I have heard lots of people say it is a big NO-NO to keep chickens and turkeys together. But I have 4 Beltsvile Small White hens (turkeys) living in with my chickens. They are much happier that when I had them seperated. I am just wondering what should I be feeding them all? I asked the guy at the feed store yesterday and he said giving them the same Organic Veggie Layers ration that I give the chickens. But just thought I should ask some chicken/turkey experts to see what they think 

I should add the Turkeys are juv's they are going to be seperated in the spring when I get my tom and they get to start breeding  Nobody is fighting and the rooster seems to have a good watch over the turkeys as well as his hens.


----------



## wofarm (Nov 30, 2009)

Turkey grower. its what we fed all our poultry until game bird breeder & conditioner became available at the mill.


----------



## Willowynd (Mar 27, 2005)

If the turkeys are mature and have access to at least some range, then they can have the same layer the other birds get. I keep chickens, ducks and turkeys together and everyone gets layer and kitchen scraps, grass clippings, whatever bugs they catch outside and the ones I toss in when I garden. In the fall/winter, I take the tops off thier pens and everyone can range as they please. During spring and summer, they are penned for the most part for breeding, but still get full range a few times a week. Everyone does well.

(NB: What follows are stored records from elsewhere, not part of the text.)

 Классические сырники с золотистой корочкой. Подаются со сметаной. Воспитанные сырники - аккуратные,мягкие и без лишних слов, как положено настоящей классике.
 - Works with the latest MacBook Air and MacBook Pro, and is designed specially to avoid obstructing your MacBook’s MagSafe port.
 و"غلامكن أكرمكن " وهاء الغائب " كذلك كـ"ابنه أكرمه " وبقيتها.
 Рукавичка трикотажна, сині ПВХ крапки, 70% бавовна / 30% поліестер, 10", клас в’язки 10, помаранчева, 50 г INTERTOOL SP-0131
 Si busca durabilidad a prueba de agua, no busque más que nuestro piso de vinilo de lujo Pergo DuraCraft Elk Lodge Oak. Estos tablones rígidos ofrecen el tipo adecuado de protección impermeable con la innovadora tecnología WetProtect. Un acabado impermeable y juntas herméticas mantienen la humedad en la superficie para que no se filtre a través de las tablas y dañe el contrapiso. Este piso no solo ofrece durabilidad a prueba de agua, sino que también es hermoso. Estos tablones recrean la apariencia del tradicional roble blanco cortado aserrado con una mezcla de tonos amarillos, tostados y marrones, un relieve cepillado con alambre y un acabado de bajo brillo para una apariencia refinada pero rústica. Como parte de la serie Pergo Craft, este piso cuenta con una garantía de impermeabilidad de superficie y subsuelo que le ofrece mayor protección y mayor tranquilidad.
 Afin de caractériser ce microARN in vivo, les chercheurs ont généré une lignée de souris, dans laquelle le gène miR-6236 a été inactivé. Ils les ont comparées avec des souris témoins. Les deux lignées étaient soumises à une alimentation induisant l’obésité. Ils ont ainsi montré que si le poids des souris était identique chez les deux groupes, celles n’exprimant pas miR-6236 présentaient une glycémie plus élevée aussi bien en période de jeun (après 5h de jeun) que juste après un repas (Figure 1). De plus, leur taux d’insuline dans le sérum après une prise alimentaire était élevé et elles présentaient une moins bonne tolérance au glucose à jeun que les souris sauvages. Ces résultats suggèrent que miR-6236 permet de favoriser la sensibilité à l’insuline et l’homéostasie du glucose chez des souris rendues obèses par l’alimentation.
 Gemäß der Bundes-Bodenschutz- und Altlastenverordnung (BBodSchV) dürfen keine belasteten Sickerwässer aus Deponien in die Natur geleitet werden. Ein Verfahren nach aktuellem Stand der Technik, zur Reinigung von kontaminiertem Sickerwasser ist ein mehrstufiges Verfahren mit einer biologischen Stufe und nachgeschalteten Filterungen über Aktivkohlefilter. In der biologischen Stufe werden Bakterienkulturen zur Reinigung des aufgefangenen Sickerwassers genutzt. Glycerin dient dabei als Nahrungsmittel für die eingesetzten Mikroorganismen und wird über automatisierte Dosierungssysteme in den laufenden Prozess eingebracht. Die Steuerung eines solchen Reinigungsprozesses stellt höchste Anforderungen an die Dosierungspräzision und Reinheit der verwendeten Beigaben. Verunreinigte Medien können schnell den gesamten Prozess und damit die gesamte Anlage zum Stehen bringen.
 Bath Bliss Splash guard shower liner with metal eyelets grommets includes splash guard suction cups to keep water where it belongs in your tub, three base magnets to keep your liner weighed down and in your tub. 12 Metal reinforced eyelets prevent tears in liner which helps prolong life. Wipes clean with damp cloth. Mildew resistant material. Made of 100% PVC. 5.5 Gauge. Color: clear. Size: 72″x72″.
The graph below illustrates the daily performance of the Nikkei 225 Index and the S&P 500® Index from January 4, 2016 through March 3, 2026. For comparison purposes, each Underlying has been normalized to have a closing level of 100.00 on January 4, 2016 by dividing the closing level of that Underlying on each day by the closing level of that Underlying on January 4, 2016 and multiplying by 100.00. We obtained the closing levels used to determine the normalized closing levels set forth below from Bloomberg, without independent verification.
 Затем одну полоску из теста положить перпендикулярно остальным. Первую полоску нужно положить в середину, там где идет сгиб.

Just saw you said they are juvies...the spring they will be breeding age though? If so, layer is fine. If they will not be laying in the next month, I would keep them on a grower or if that is not available, I mix starter and layer half and half. Not sure how you would give them a separate feed if you keep them with your chickens though.


----------



## wofarm (Nov 30, 2009)

Lay rations are formulated to make the most eggs for the least cost. its not the best feed stuff for breding rations. To make healthy chicks, a healthy egg is required, lay rations dont fit that bill.


----------



## Oakshire_Farm (Dec 4, 2008)

Thanks for the advice!!! The turkeys were born in April 2009, so they are getting close to breeding age. They are totally free range! They have about 5 acres and use it all, they go into the house at night but the days they are out side and happy  I am waiting to get a tom from a breeder, they are not going to sell anything till the early spring! I am counting down the days till I have baby turkeys running around! mmmmmmmm


----------



## onthespot (Oct 7, 2007)

I had a very promising young copper black marans roo lose an eye from a midget white tom when they reached dominance/scuffling age. There were two toms and two hens in with my CBM's and when the hormones hit, the turkeys started scuffling and snood wrastling and knocking over feeders and the chickens started to say away in the far end of the run where there were not good roosts etc... I had to move the turkeys. Still have the young one eyed cockerel. Hopefully it won't hurt him from breeding.


----------



## Curtis B (Aug 15, 2008)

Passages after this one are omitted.